Due to the limited budget of his projects, Clooney arrives on set meticulously prepared, shoots during the day and edits during the night. In fact, the shoot of the Ides of the March came in a million dollars under budget and three days early.
Upon completing a film, Clooney tours festivals around the world promoting it. He attends every screening and party in order to spread the word and charm studios into buying his movies and audiences into watching them.
“I’m not doing these blockbuster films anymore, so when I am not doing those, you actually need film festivals to sell your movie. It’s a big part of it. Festivals have been very helpful in selling them along the way and kicking them off because if they don’t get a certain amount of play, the studios aren’t going to back them.”

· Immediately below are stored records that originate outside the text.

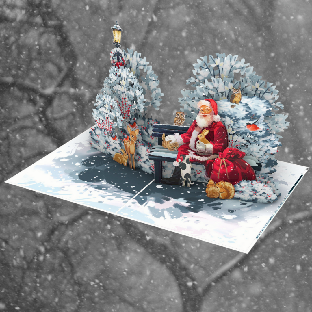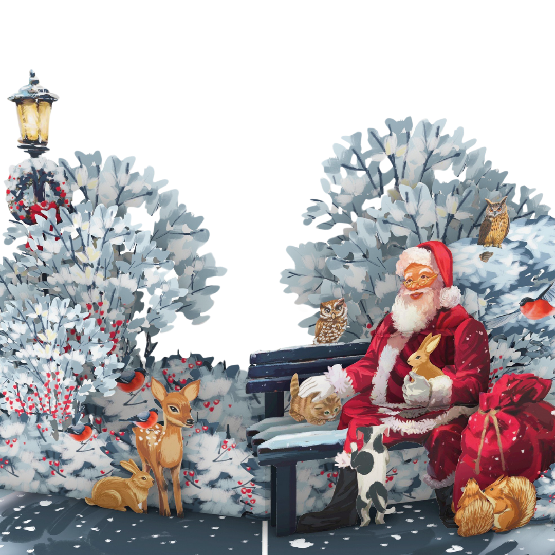 This enchanting 13x18 cm pop-up Christmas card beautifully captures the spirit of the season with a detailed and festive winter scene. Featuring a cheerful Santa Claus sitting on a snowy bench, the card bursts into life when opened, revealing Santa surrounded by woodland creatures such as deer, owls, squirrels, and rabbits. The snowy trees decorated with winter berries and the glowing lamppost add a cozy holiday charm, while Santa holds a sack of gifts, symbolising the joy of giving.
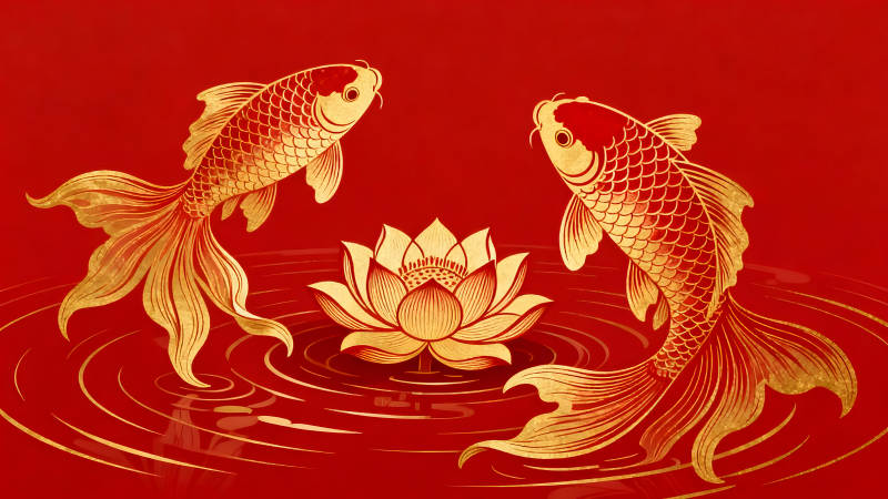 金色鲤鱼与莲花在红水中游动
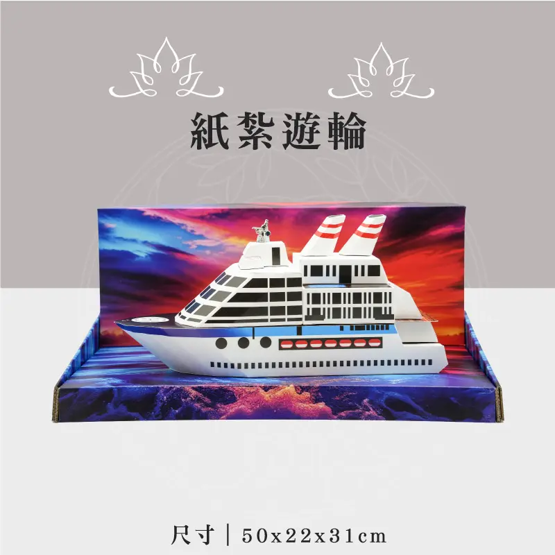 商品名稱:「紙紮遊輪」 商品材質:精緻紙材 商品顏色:黑色/銀色 ※隨附封條或受用紙 ※適用:逝世者 ※適用場地:自宅、棺內、金爐、殯儀館、火化場 – 提供全台最專業 客製化紙紮服務 提供最專業的服務給您 ※全台客製化最專業 ※全台最快速客製化紙紮 ※客製化最快3天交貨 LINE客服人員:@sh689 【全台灣皆可配送指定地點】
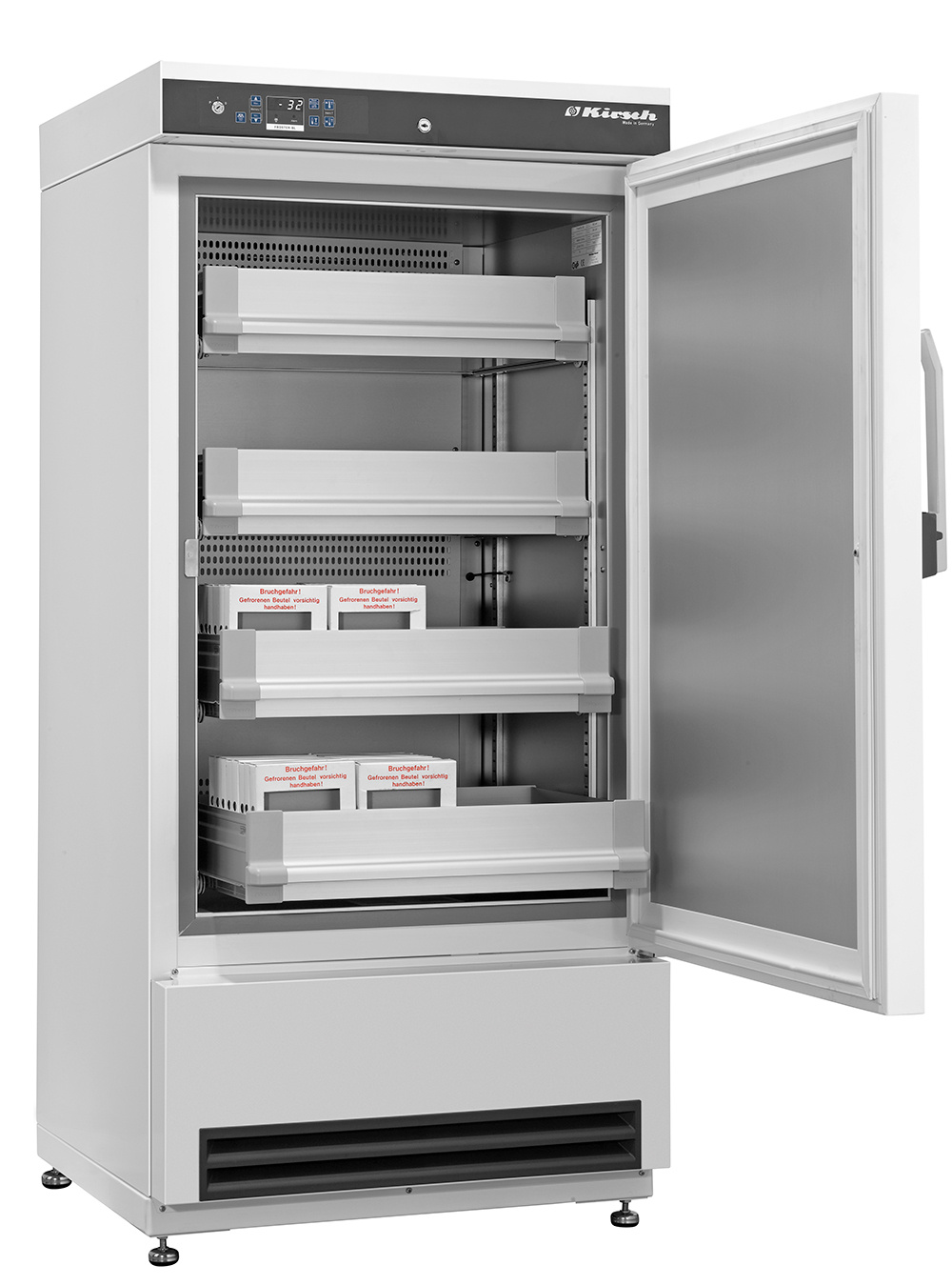 De Kirsch plasma vrieskasten bieden ultieme bescherming en optimale capaciteit voor uw plasma producten. Deze vriezer heeft een inhoud van 300 liter die speciaal gebouwd is om de meest kritische samples te beschermen.
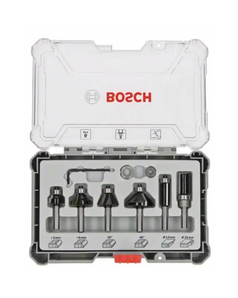 Sada ohraňovacích fréz s 8mm vřetenem Bosch 2607017469 Celková délka (G) mm 51 / 55 / 56 / 65 Pracovní délka (G) mm 10 / 13 / 16 / 25 … Celý popis
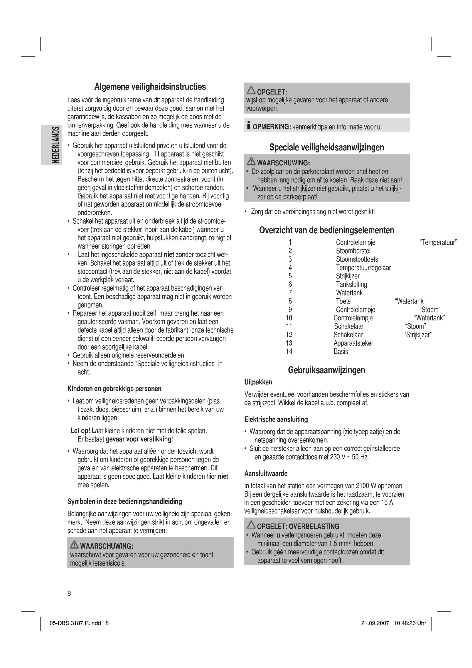 - Druk gedurende ca. 1 minuut op de stoomstoottoets totdat geen water meer lekt Het apparaat schakelt tijdens het bedrijf plotse- ling uit Is de stroomkring overbelast? Controleer de zekering in uw zekeringkast Technische gegevens Model: .........................................................................DBS 3187 R Spanningstoevoer: ....................................................230 V, 50 Hz Opgenomen vermogen: .................................................... 2100 W Beschermingsklasse: ................................................................... Ι Maximale vulhoeveelheid van de watertank: ....................1,2 Liter Nettogewicht: ........................................................................3,7 kg Dit apparaat is gekeurd conform de op dit moment van toepas- sing zijnde CE-richtlijnen zoals bijvoorbeeld elektromagnetische compatibiliteit en laagspanningsvoorschriften en is gecon- strueerd volgens de nieuwste veiligheidstechnische voorschrif- ten. Technische wijzigingen voorbehouden! 05-DBS 3187 R.indd 1005-DBS 3187 R.indd 10 21.09.2007 10:48:27 Uhr21.09.2007 10:48:27 Uhr11 NEDERLANDS NEDERLANDS Garantie Voor het door ons geleverde apparaat verlenen wij een garantie van 24 maanden vanaf koopdatum (kassabon). Eventuele gebreken aan het apparaat of aan het toebehoren die zijn ontstaan door productie- of materiaalfouten verhelpen wij binnen deze periode kosteloos door middel van reparatie of, naar ons oordeel, door vervanging. Eventuele garantiegevallen verlengen noch de geldigheidsduur van de garantie, noch begint daardoor een nieuwe garantieperiode! Het koopbewijs geldt als garantiebewijs. Zonder dit bewijs kan geen kosteloze reparatie of vervanging plaatsvinden. Geef in garantiegevallen het complete apparaat in de originele verpakking samen met de kassabon af bij uw handelaar. Niet alleen defecten aan de hulpstukken of aan de slijtende onderdelen, maar ook reiniging, onderhoud of de vervanging van slijtende delen vallen niet onder de garantie en geschieden altijd tegen berekening! Bij ingrepen door derden komt de garantieverlening te vervallen. Na de garantieperiode Na afl oop van de garantieperiode kunnen reparaties tegen bere- kening worden uitgevoerd door de betreffende vakhandelaar of de technische dienst. Betekenis van het symbool ‘vuilnisemmer’ Bescherm ons milieu, elektrische apparaten horen niet in het huisafval. Maak voor het afvoeren van elektrische apparaten gebruik van de voorgeschreven verzamelpunten en geef daar de elektrische apparaten af die u niet meer gebruikt. Daardoor helpt u de potentiële effecten te voorkomen die een verkeerde afvoer op het milieu en de menselijke gezondheid kunnen hebben. Op deze wijze levert u uw bijdrage aan het hergebruik, de recycling en andere verwerkingsvormen voor oude elektronische en elektrische apparaten. Voor informatie over verzamelpunten voor uw apparaten kunt u contact opnemen met uw gemeente of gemeenteadministratie. 05-DBS 3187 R.indd 1105-DBS 3187 R.indd 11 21.09.2007 10:48:27 Uhr21.09.2007 10:48:27 Uhr12 FRANÇAIS FRANÇAIS Conseils généraux de sécurité Lisez attentivement ce mode d’emploi avant de mettre l’appareil en marche pour la première fois. Conservez le mode d’emploi ainsi que le bon de garantie, votre ticket de caisse et si possible, le carton avec l’emballage se trouvant à l’intérieur. Si vous remettez l‘appareil à des tiers, veuillez-le remettre avec son mode d‘emploi.
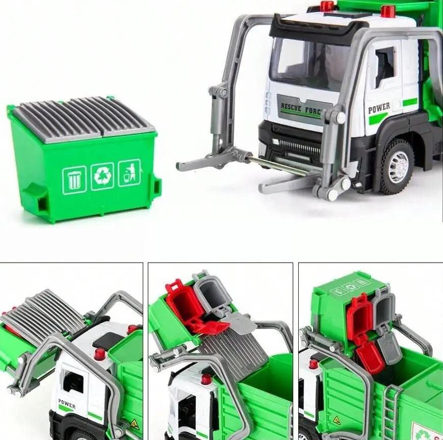 Model disponuje pevným prevedením a kvalitným spracovaním, ktoré zaisťuje dlhú životnosť hračky. Súčasťou sady je tiež odpadkový koš, ktorý umožňuje realistickú manipuláciu pri hraní. Praktická dĺžka modelu 19,5 cm poskytuje dostatočnú veľkosť pre detailné spracovanie aj jednoduché ovládanie detskými rukami. Vďaka prepracovaným detailom a funkčným prvkom je hračka vhodná pre každodenné hranie. Sada obsahujúca smetiarske vozidlo a odpadkový koš rozširuje možnosti hry a zvyšuje jej zábavnosť. Tento model je zároveň ideálny ako darček pre deti so záujmom o pracovnú techniku.

In spite of the travails of making his movies, the 50-year-old is not tempted to retreat into the comfort of the acting vocation.

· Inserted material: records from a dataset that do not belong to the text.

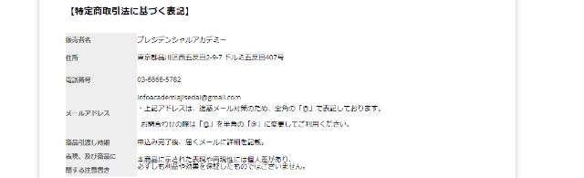 特商法を見ると、「プレジデンシャルアカデミー」という販売者名が書かれていますが、これは業者の会社名ではないことが分かりますね。
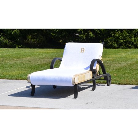 <ul> <li>Lounge chair towel cover</li> <li>100-percent genuine Turkish cotton</li> <li>White Turkish terry cotton chaise lounge cover is monogrammed with an embroidered gold block initial of your choice</li> </ul>
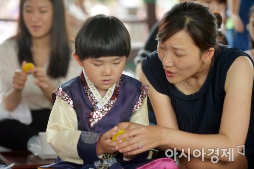 [아시아경제 문호남 인턴기자] 추석 연휴 마지막날인 16일 서울 중구 남산골 한옥마을에서 열린 '추석맞이 오五대감 한가위 잔치'를 찾은 시민들이 송편을 만들고.
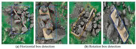 It can be seen from Figure 20 and Figure 21 that the proposed foreign object detection model can effectively detect foreign objects in the case of background coal flow. The rectangle in the figures is the target result predicted by the foreign object detection model, and different colors represent different categories. In Figure 21, the predicted angle information is represented by the long side of the rotating rectangular box, with angle values of 36.8, −30.3, and 65.1, which can verify the effectiveness of the rotation decoupling head in angle regression prediction. Figure 22 and Figure 23 show the results of foreign object detection under coal-flow occlusion and the multi-angle detection results of the same foreign object, respectively. The proposed model can locate the foreign object in the image more accurately, and the performance indicators of the foreign object detection model are shown in Table 5 and Table 6.
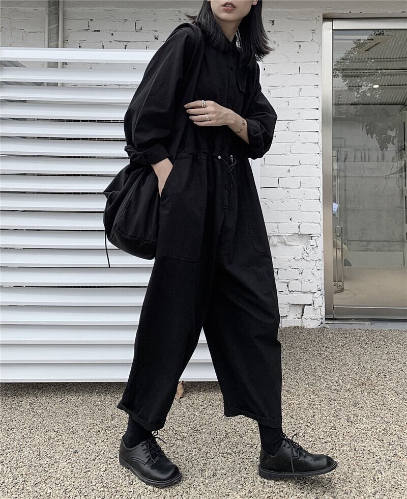 ダークなオーバーオール、カジュアルなパンツ、ゆったりとした男性と女性は厚い生地、新しい秋のデザイン、長袖のオーバーオールを着ています ロング オータム 秋物 BWTB42789682672
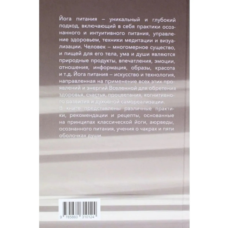 Йога питания — уникальный и глубокий подход, включающий в себя практики осознанного и интуитив ного питания, управление здоровьем, техники медита ции и визуализации. Человек — многомерное существо, и пищей для его тела, ума и души являются природные продукты, впечатления, эмоции, отношения, информа- ция, образы, красота и т.д. Йога питания — искусство и технология, направленная на применение всех этих проявлений и энергий Вселенной для обретения здоро вья, счастья, процветания, когнитивного развития и ду ховной самореализации.В книге представлены различные практики, рекомендации и рецепты, основанные на принципах классической йоги, аюрведы, осознанного питания, учения о чак рах и пяти оболочках души.
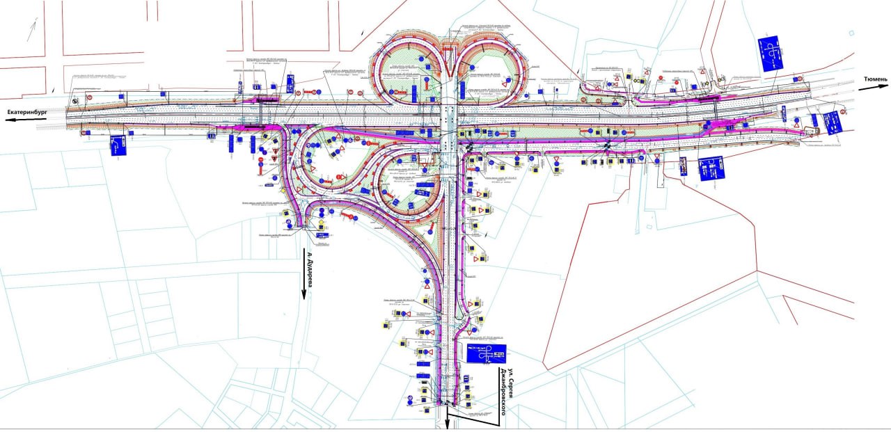 Заключен контракт на строительство развязки на пересечении трассы Екатеринбург — Тюмень и улицы Сергея Джанбровского. Проект будет реализован до ноября 2026 года.
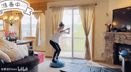 在青蛙公主的家庭训练视频中,可以看到有非常多的稳定性训练小道具,包括像BOSU球、平衡木。还包括像Plank以及旋转等核心稳定动作。讲道理,平衡木上那一个转身跳就可以秒掉多少人了。反正俺是输了。
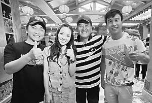 趙本山(右二)帶著小沈陽(右一)與到訪的吳宗憲(左一)、侯佩岑合影。

“I’ve really been doing the acting part of my career for a long time,” he says. “I’m really interested in writing and directing. I’ve had some success at it and I like it. I have things that I want to say and things that I want to do, and it’s infinitely more creative than just acting.
“You’re getting greyer and older, and you think there’s also a point when people aren’t going to really want to see you there. You don’t want to be the last guy at the party with all the toys going ‘Where did everybody go?’ so you want to be ahead of the curve.”
Nonetheless, Clooney wouldn’t miss an opportunity to play parts when they’re right. So when director Alexander Payne offered him the lead role, Matt King, in his new movie The Descendants last year, Clooney instantly obliged.
“I really wanted to do a film with Alexander Payne. I love him and he’s a great guy and one of my favourite film makers of all time,” Clooney enthuses.
Set in Hawaii, The Descendants follows real estate lawyer Matt King as he tries to reconnect with his mischievous daughters, whom he has neglected for years, after his cheating wife suffers a boat accident and falls into a coma.
The famously devout bachelor, who’s eschewed marriage since failing previously as husband, was not deterred by the challenge of playing a family man and delivers a convincing performance.
“As a professional actor, your job is to relate,” he stresses.” I can certainly relate to the difficulties this guy is going through. Part of my job is actually to do what is asked of me in the script and not have to worry about whether it directly pertains to me in some way or not. You don’t have to actually shoot heroin to play a drug addict and I find that in many ways our job is to portray what other people have experienced in their life as well as the ones we have.”
In spite of being one of the busiest stars in Hollywood, Clooney is also the most visible. Exuding cheerfulness and happiness, he is invariably accompanied by a gorgeous lady. But behind this veneer of perfection, there is a restless soul anguished by doubts and fears, like the rest of us.
“Being in the world that I live in and working in an art form, you have to constantly be changing and asking different questions and questioning yourself and questioning everybody around you and wondering if you’re doing what you should be doing in life.
“I don’t sleep much; I wish I slept more. I have this drive not to be sitting still and so my biggest fear in the world would be to be doing the same thing 10 years from now.”
Suddenly, this solemn statement impregnates the room with a intense silence. Clooney senses it and promptly punctures it with his sword of blithesome charm.
“Now I got you depressed,” he laughs, triumphantly.